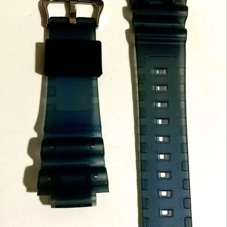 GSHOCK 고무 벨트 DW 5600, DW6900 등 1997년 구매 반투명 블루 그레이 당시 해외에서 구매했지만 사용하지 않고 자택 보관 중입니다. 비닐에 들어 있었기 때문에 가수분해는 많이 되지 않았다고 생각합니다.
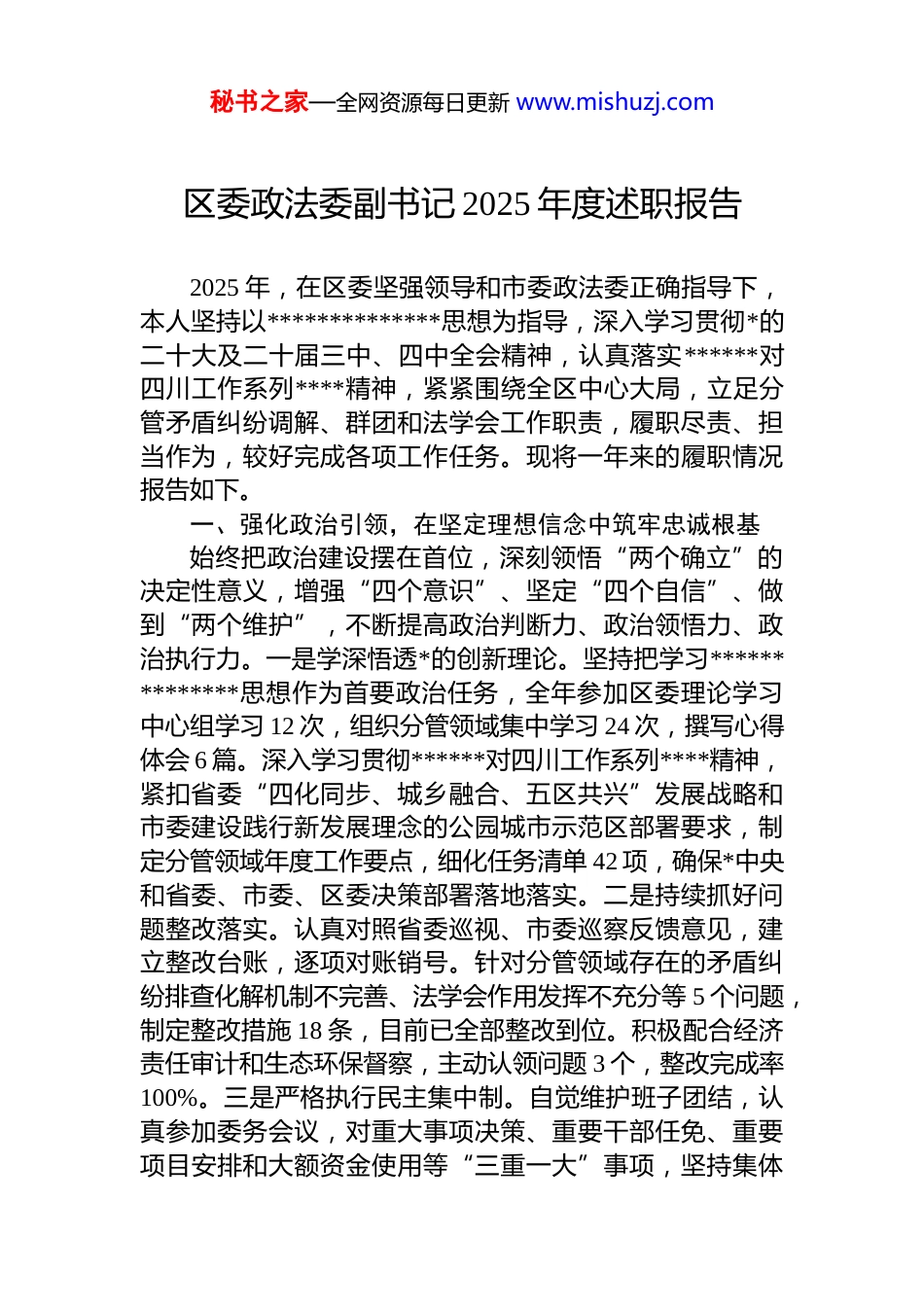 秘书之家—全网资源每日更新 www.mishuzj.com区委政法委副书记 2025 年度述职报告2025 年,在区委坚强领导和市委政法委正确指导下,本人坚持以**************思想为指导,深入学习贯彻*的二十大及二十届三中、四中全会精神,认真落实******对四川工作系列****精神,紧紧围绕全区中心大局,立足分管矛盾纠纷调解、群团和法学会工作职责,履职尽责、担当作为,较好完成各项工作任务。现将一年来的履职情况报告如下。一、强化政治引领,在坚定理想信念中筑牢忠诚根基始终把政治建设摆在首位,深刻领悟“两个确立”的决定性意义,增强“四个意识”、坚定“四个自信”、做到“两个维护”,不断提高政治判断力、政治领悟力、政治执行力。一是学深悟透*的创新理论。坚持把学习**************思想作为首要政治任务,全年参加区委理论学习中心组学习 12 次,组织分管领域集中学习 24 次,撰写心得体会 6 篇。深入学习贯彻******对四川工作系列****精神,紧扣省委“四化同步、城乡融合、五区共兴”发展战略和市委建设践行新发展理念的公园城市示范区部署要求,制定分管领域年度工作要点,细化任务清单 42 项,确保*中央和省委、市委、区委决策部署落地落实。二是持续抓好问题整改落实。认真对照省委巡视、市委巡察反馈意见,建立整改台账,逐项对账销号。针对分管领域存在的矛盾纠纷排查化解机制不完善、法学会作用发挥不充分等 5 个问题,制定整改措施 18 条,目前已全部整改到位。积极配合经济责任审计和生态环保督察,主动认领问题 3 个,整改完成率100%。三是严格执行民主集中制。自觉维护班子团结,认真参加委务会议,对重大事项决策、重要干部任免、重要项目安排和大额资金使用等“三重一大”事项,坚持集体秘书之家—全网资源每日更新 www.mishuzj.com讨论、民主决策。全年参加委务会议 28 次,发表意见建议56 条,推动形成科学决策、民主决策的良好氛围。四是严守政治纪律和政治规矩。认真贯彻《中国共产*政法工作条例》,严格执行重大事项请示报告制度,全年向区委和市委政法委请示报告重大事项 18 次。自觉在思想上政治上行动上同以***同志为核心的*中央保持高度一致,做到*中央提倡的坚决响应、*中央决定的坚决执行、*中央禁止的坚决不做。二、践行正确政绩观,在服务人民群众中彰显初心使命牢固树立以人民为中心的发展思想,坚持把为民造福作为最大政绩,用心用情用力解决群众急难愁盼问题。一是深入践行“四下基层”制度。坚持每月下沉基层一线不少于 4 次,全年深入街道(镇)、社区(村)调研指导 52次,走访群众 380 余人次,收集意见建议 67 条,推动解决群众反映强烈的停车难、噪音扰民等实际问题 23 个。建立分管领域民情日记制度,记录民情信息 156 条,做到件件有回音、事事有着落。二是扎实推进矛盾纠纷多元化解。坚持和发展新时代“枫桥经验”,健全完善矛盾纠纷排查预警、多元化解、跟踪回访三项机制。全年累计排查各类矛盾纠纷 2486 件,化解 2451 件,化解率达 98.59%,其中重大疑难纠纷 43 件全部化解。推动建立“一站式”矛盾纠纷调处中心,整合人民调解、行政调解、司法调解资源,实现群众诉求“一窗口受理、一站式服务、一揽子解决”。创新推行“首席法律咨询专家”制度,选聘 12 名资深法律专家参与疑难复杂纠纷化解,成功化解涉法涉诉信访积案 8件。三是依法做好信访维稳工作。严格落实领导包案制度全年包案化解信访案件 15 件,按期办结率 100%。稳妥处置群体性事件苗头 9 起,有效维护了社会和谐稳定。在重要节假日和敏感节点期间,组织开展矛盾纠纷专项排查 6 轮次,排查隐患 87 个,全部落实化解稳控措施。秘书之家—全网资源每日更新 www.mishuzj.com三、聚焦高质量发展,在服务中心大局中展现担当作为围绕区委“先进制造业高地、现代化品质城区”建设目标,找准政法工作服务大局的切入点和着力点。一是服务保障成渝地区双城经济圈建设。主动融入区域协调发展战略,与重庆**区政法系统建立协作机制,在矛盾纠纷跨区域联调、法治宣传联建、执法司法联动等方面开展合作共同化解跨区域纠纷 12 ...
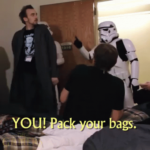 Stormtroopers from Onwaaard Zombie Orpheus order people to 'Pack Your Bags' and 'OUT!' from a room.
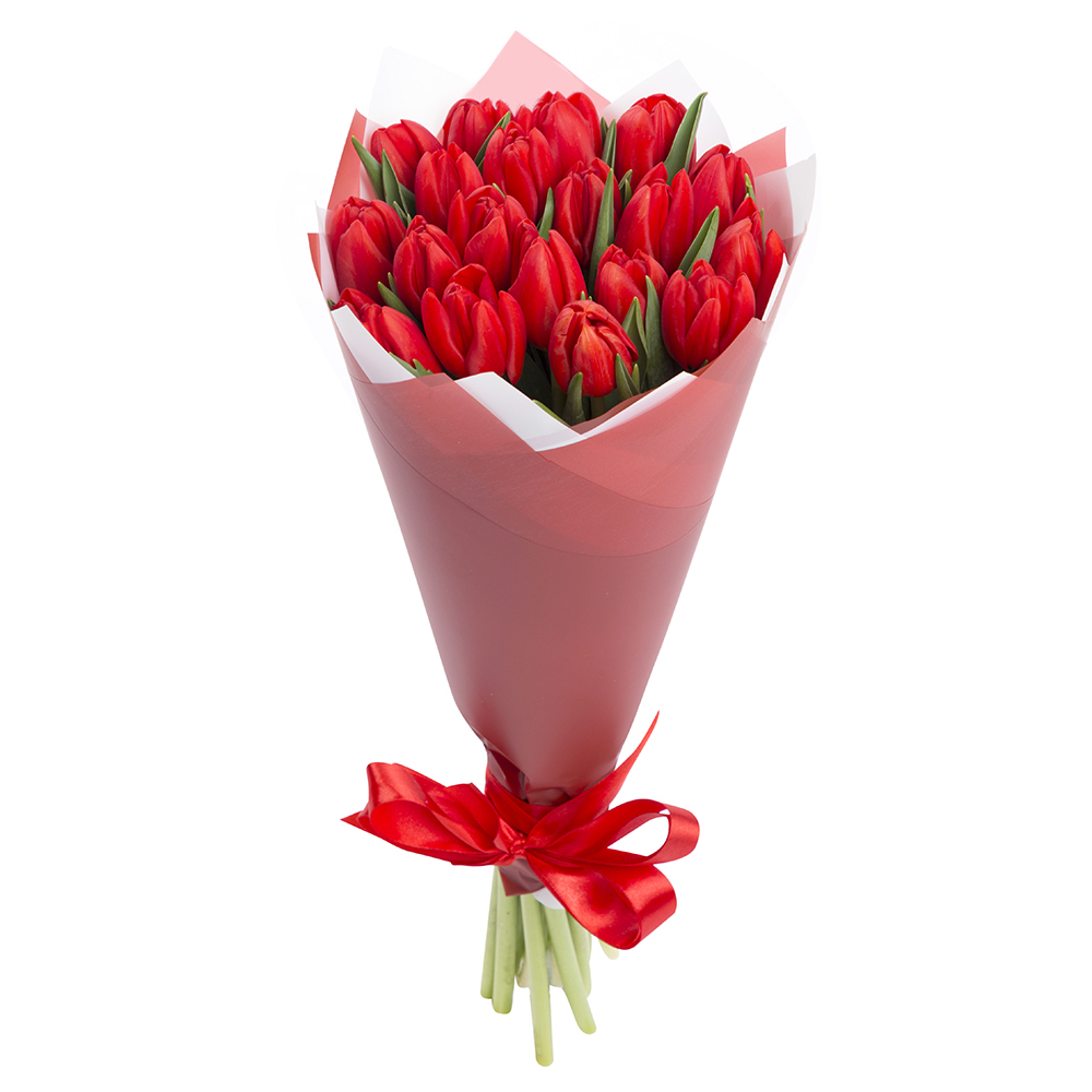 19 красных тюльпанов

• Activity: Pictures are to be omitted. The lines from the line holding "Stormtroopers from Onwaaard" through the closing line of the data above are to be set down exactly, and nothing more.

• Answer space:
 Stormtroopers from Onwaaard Zombie Orpheus order people to 'Pack Your Bags' and 'OUT!' from a room.
 19 красных тюльпанов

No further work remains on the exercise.